Adaptive Bloom Filter Encoding

Thanks to command line tools in RSK I was able to analyze block structure (short experiment using RSK testnet). One thing to explore is the compression of bloom filters, that are included into the block headers. Read Blooms filters in Ethereum.

Since I also have bloom filters in my personal blockchain project, I coded a Bloom filter and its corresponding encoder. As in Ethereum and RSK blockchains, my Bloom filter contains 256 bytes (2048 bits). Usually, each topic or address in the logs emitted along the block transactions execution, it’s marked as a bit into the Bloom filter.

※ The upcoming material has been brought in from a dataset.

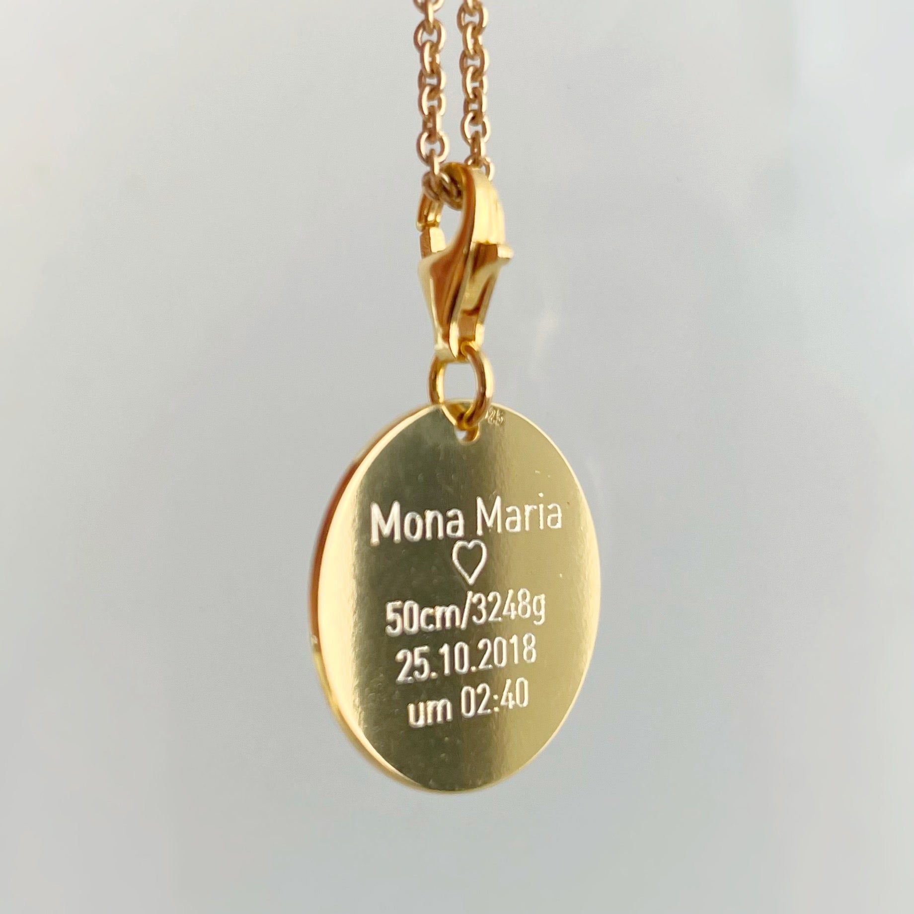 The most personal pendant for you and your loved ones. The plates are engravable on both sides and through the carabiner you can hang the pendant on any chain that is up to 2mm wide. No matter whether a picture of your partner, child or a beloved pet. Your chain pendant is completely individually engravable. Through the individual engraving it is not just a pendant, but a piece of jewelry with emotional value and a real eye-catcher.

My encoding algorithm uses RLP (Run Lenght Prefix), as in Ethereum and RSK. But instead of encoding directly the 256 bytes inside the Bloom filter, I took an adaptive approach: choose the best of two algorithms:

public static byte[] encode(Bloom bloom) {
byte[] bytes = bloom.getBytes();
byte[] bytes2 = encodeNonZero(bloom);

if (bytes2.length < Bloom.BLOOM_BYTES)
return RLP.encode(bytes2);

return RLP.encode(bytes);
}

The encodeNonZero algorithm encodes ONLY the bytes within the Bloom that are NOT ZERO:

public static byte[] encodeNonZero(Bloom bloom) {
byte[] bytes = bloom.getBytes();
byte[] nonzero = new byte[Bloom.BLOOM_BYTES * 2];
int n = 0;

for (int k = 0; k < bytes.length; k++)
if (bytes[k] != 0) {
nonzero[n++] = (byte)k;
nonzero[n++] = bytes[k];
}

return Arrays.copyOf(nonzero, n);
}

Then I write a new main to generate random results:

java -cp blockchainj.jar com.ajlopez.BloomEncodingMemory 1000 0 200 10

Producing random blooms having from 0 to 200 random topics, changing the no of topics using step 10. Each step generates 1000 such random Blooms. Even when the number of topics varies, some topics could be repeated, so, the number of bits on inside the Bloom filter (I call it “its size”), is a smaller.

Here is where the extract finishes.